Cadmus cackled, despite himself. Was it really this easy? It was, wasn’t it? He was still relatively young by the standard of functionally immortal wizards and witches, but he was startled by how reliably people tended to play to expectations. And this girl, this child had done so marvelously. Cadmus had long known that he needed to pass it down to a new owner, and he had already done so with the Cloak and the Stone. But the Wand could not be gifted, it had to be earned. And who more worthy to possess it than the next Master of Death?

After all, only one who had claimed the Cloak and understood its properties could pass through his wards, unaffected. And only someone who had claimed the Stone and understood its properties would be capable of sending the proper message via the proper messenger. Ignotus had laid down in the Keep of Mysteries his contribution to the Great Prophecy; he spoke of the Path of the Scorpion and the Archer, the road that the two-faced God must walk. And now Ignotus existed only in that place beyond Time, a place where all prophecy was true.

The Master of Death had sought him out, and he had deemed her worthy.

…Ignotus watched the young woman’s duel with the witch in the green dress with curiosity. It was a strange thing. Curses fell useless against the witch’s shields, which barely glowed a gentle silver as they absorbed one curse after another. And the ancient witch’s attacks found no purchase, for the Elder Wand moved of its own accord, assisting its true owner, obliterating magicks as if they were a child’s whisper-

Minutes earlier

Ever since a young age, Nell had exhibited quite a knack for recognizing just how good was “good enough.” Like most disciplines, you could learn much of what any given magical subject had to offer in a very short period of time if you only directed your studies appropriately and actually applied yourself. Most people did not, and so Nell was able to quickly outpace “most people” at just about anything.

After her first year or two at Hogwarts, when she had risen meteorically through the academic ranks, she had simply thought that everyone around her was stupid. And indeed, if you equated intelligence with winning, then most people certainly were. But that was a rather antisocial attitude, one that tripped up many of her Ravenclaw classmates. No, it wasn’t that people were inherently stupid or irrational, it was just that their potential was yet to be tapped.

She had thought that she should become a teacher, but she considered the fate of Elijah Solomon, the old professor at Hogwarts who taught the N.E.W.T.-level class, “Existential Threats”. It was a class that attracted little interest these days, for the world was in its prime. Most of the students were those who already followed his teachings: he had dedicated much of his life to spreading the gospel of Rationality.

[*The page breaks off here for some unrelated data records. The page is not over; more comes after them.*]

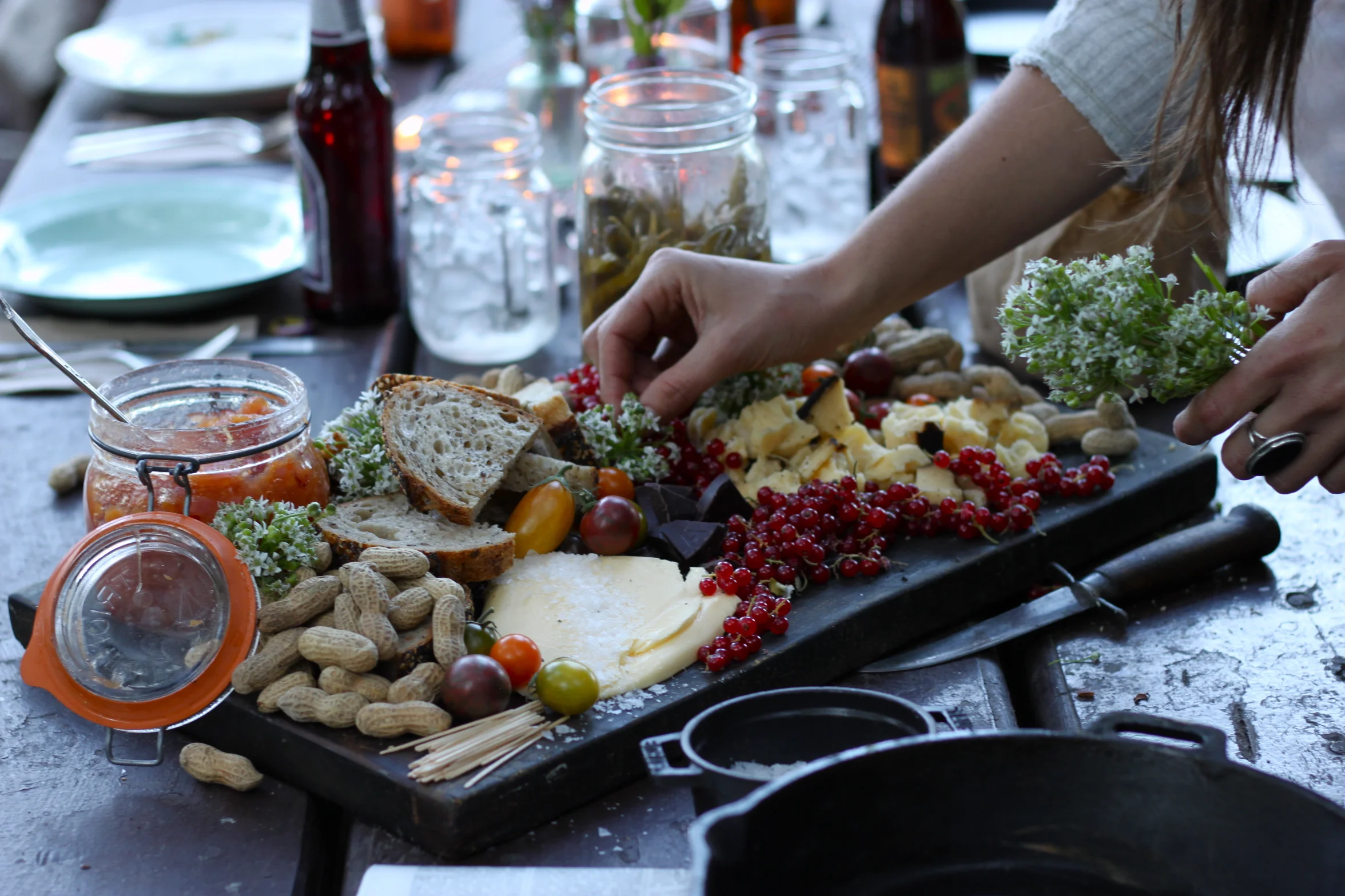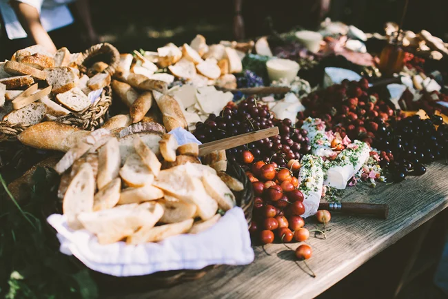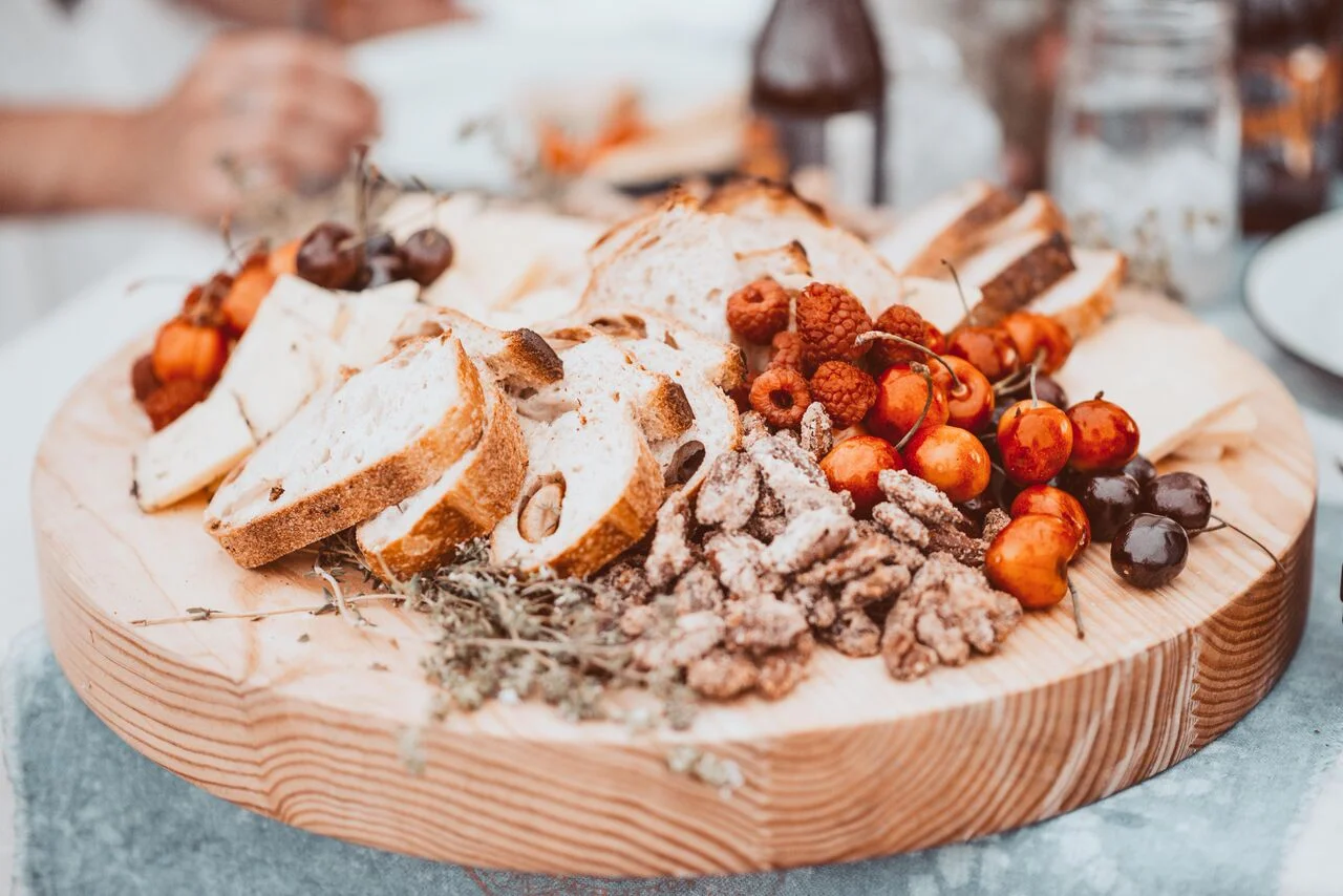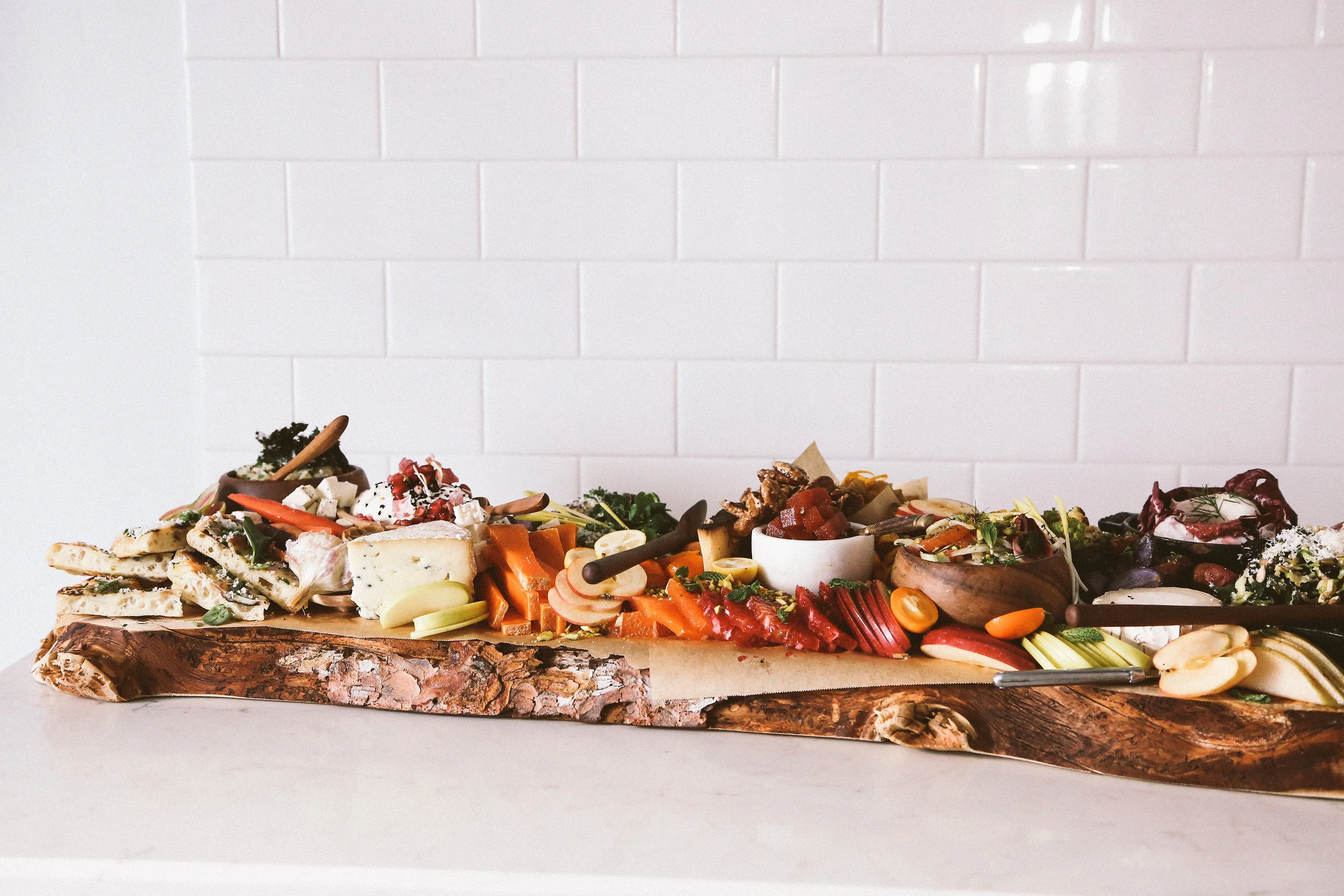 Artisan Cheeses. French Baguette, Fougasse, Walnut Loaf + Country Sourdough. Olive Oil + Sea Salt Flatbread Crackers. Local Salami + Prosciutto. Extra Virgin Olive oil + Aged Balsamic. Irish Butter + Flakey Sea Salt + Raw Utah Honey. Local Cherries, Strawberries, Blackberries & Raspberries. Olives in Olive Oil + Herbs. Pistachios Dark & Milk Chocolate Bark.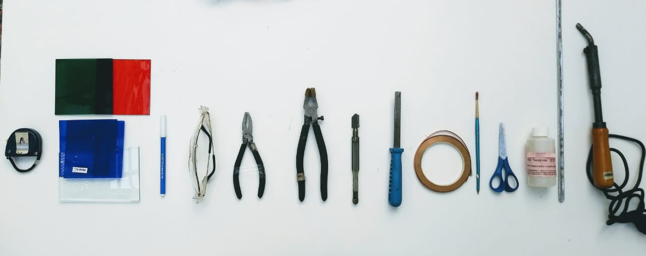 Los elementos necesarios para realizar el trabajo son cinta métrica, vidrios, marcador negro, anteojos de seguridad, pinza dentada, pinza "pico de pato", cortante de vidrio, lima metálica plana, cinta de cobre, pincel, tijera, fundente para soldar estaño y plomo, varilla de estaño y plomo, soldador eléctrico para estaño, guantes., máscara protectora con filtros, para gases y vapores nocivos.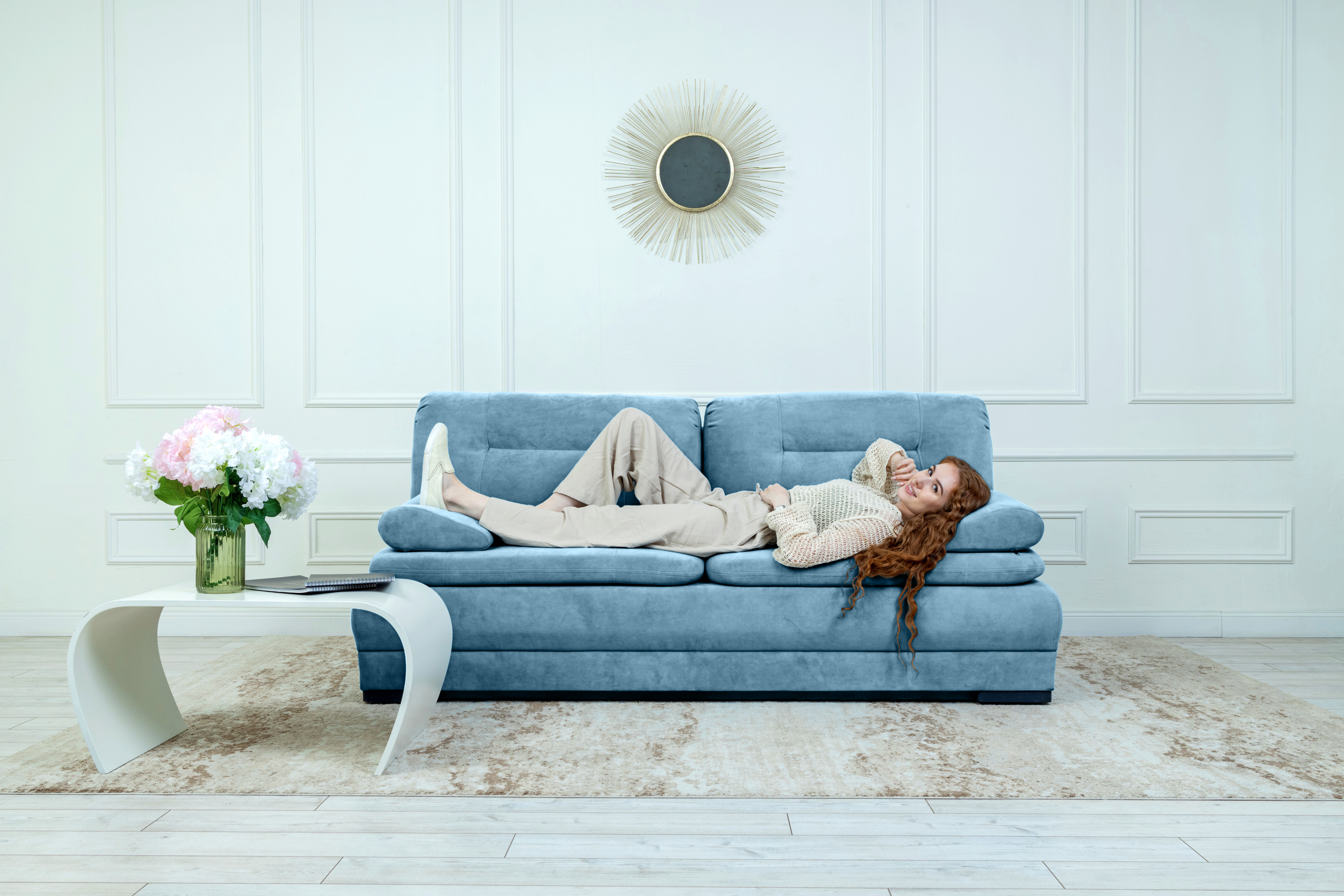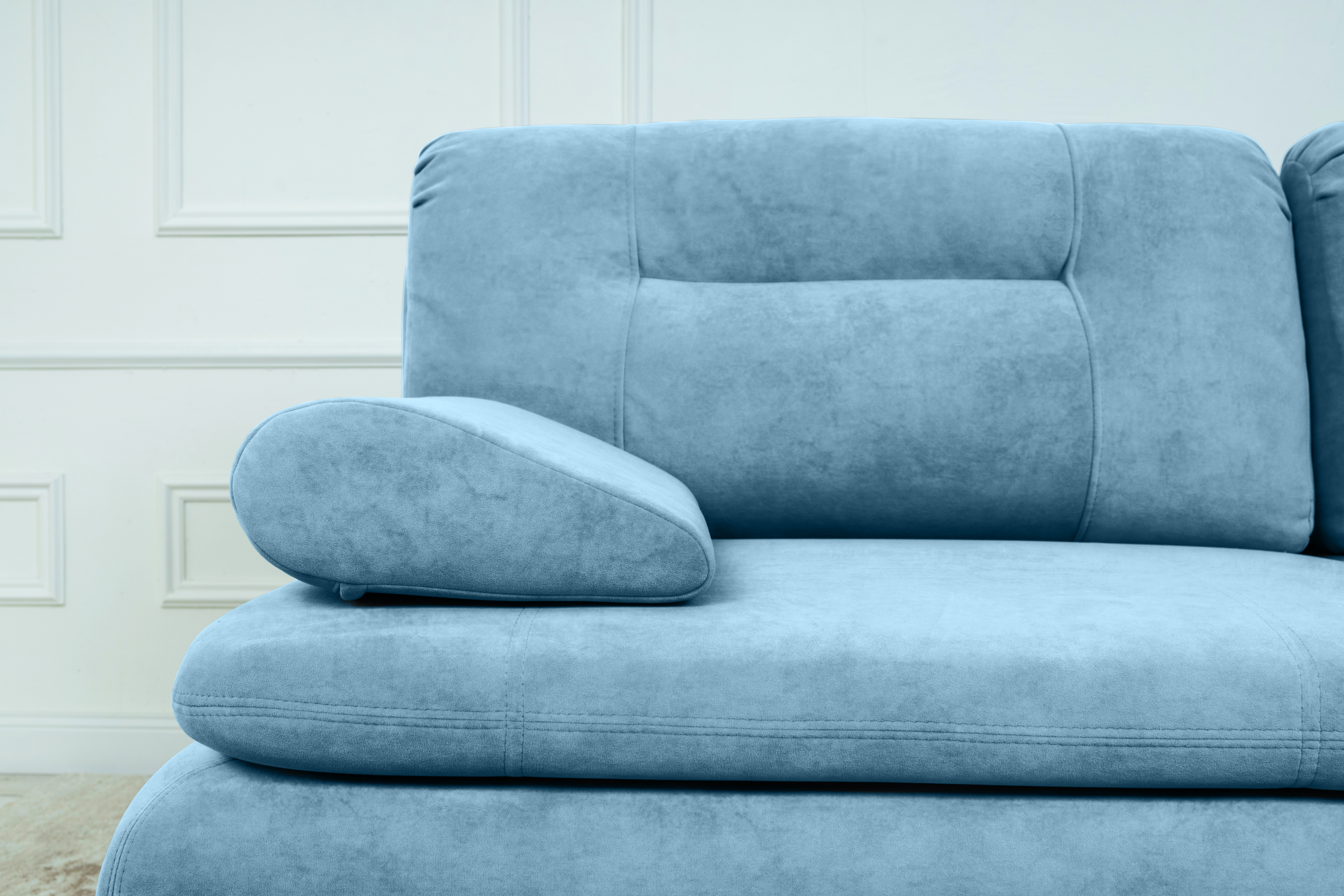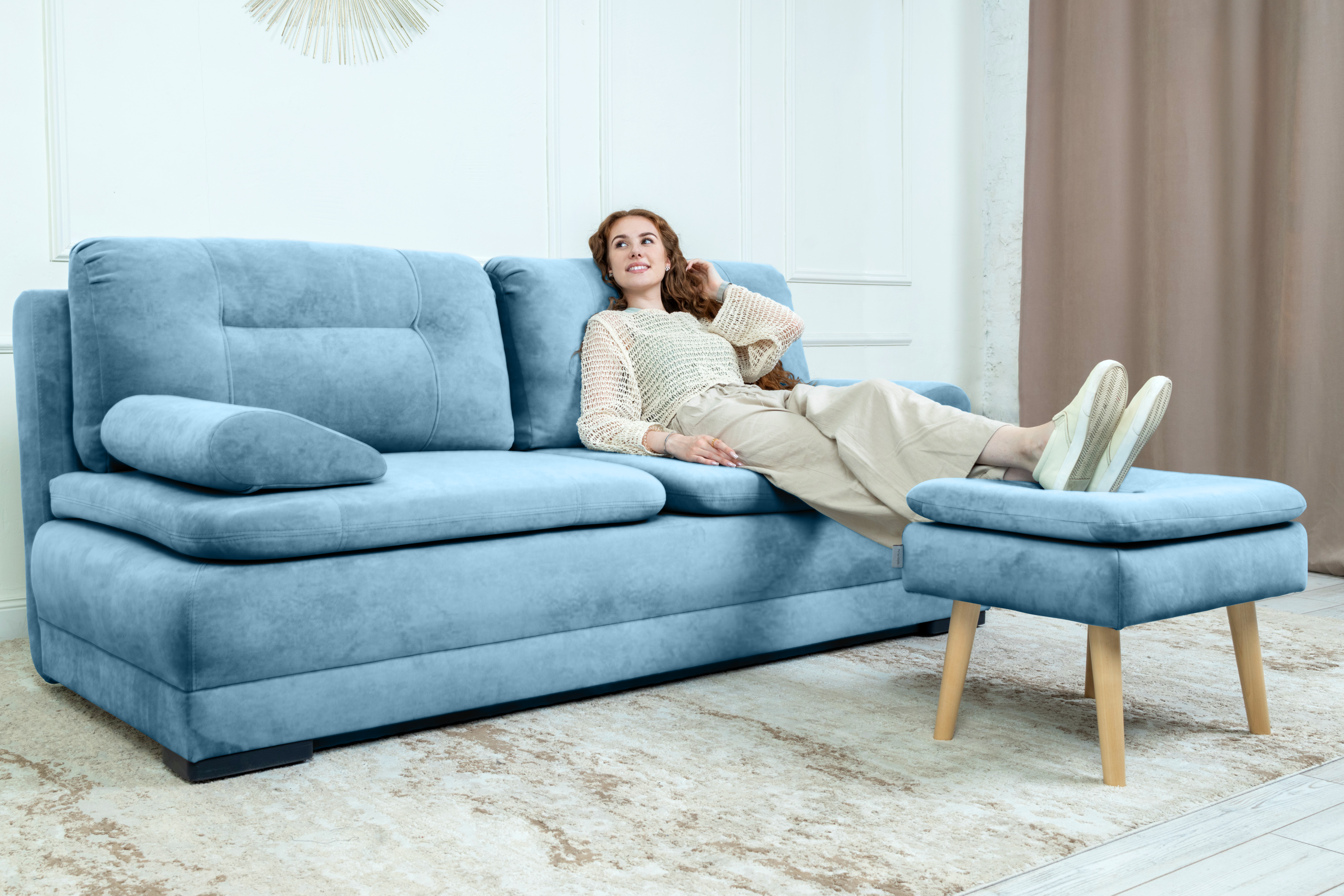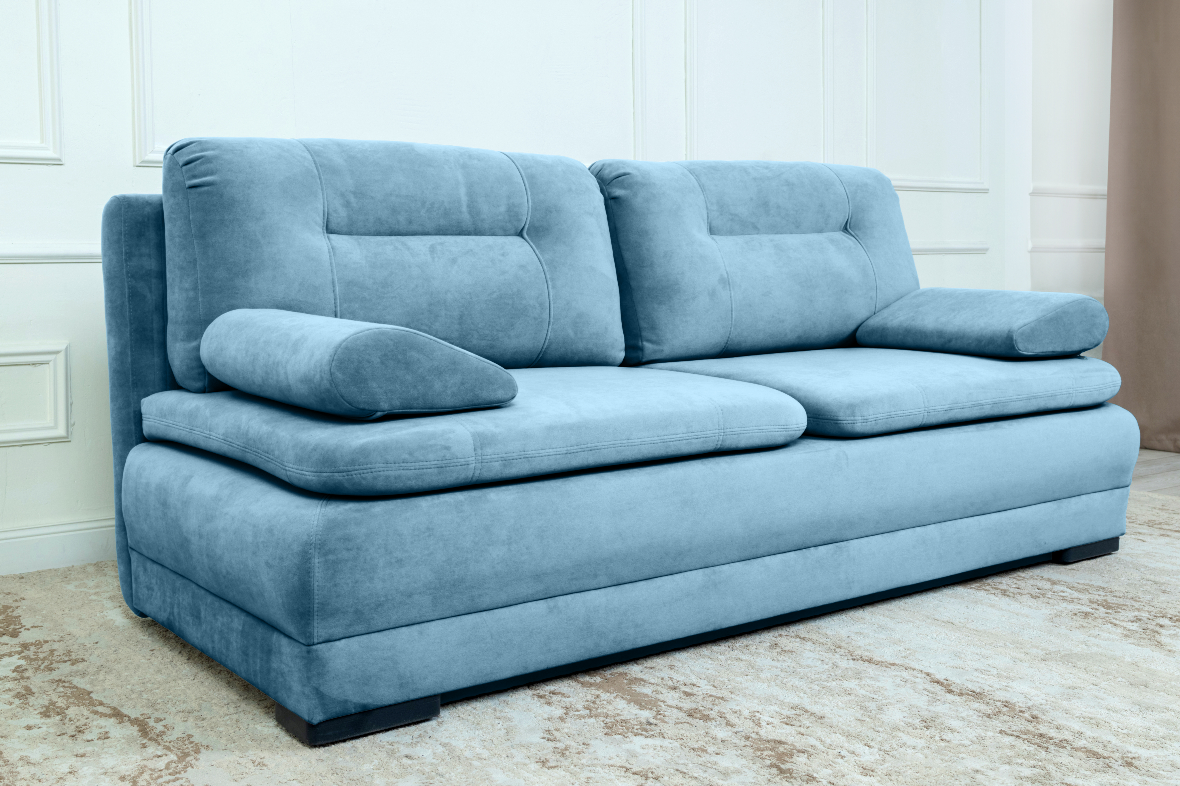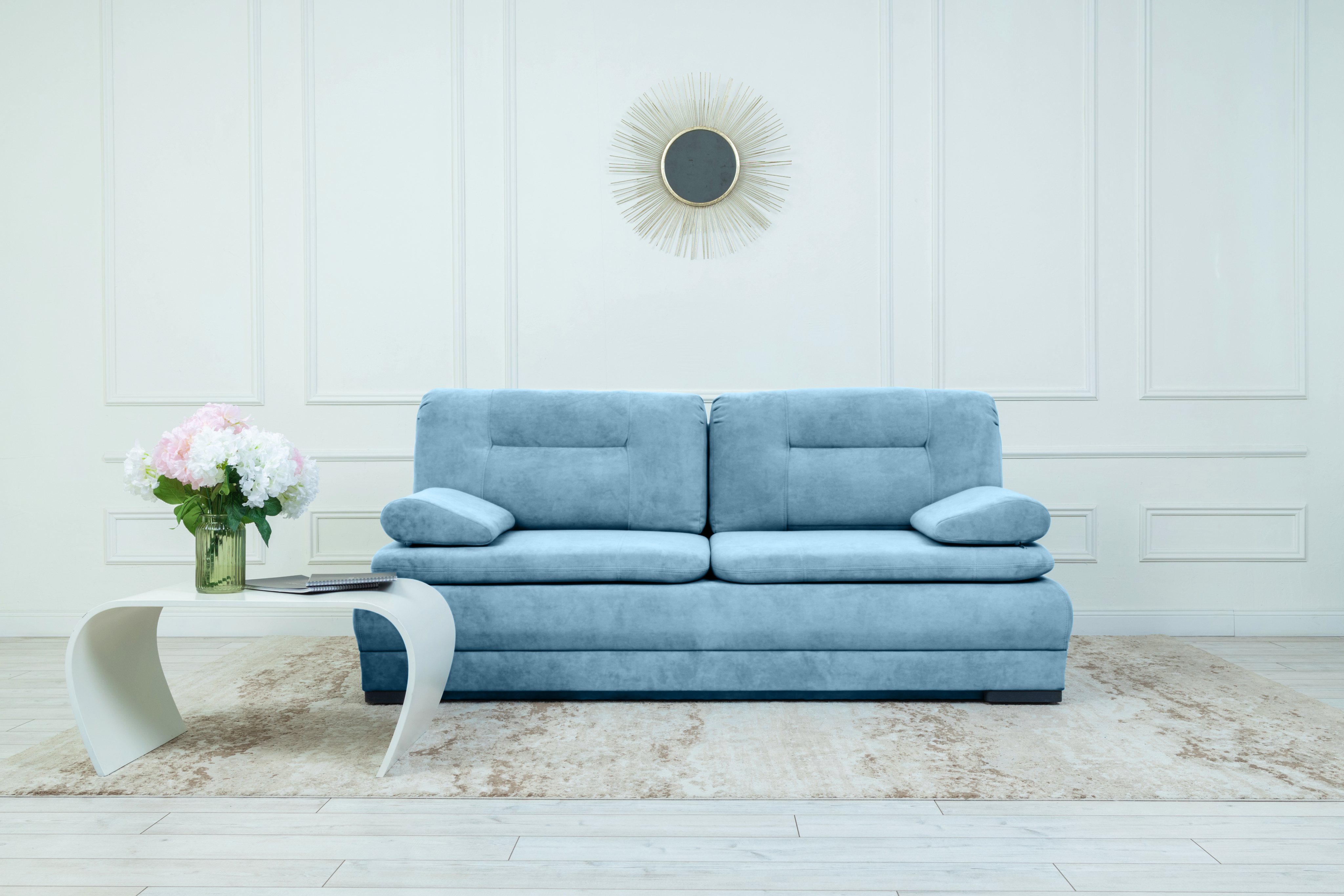 Прямой диван Sally, велюр (светло-синий)

He was a modern-day Prometheus, and what was his reward? His peers left him to drown in an ocean of derision. A sneer, it seemed, was equally as damning as a well-reasoned argument. The world, it seemed, did not wish to stand tall, for when you do, that is when you are most visible, most vulnerable.

Nell knew a lost cause when she saw one and determined that teaching was simply not for her. Instead, she would lead by example and simply serve as a living role model. To reach that point, she simply got as good as she could get at as many disciplines as possible. Once she reached the point of diminishing returns, she would move on to a new subject.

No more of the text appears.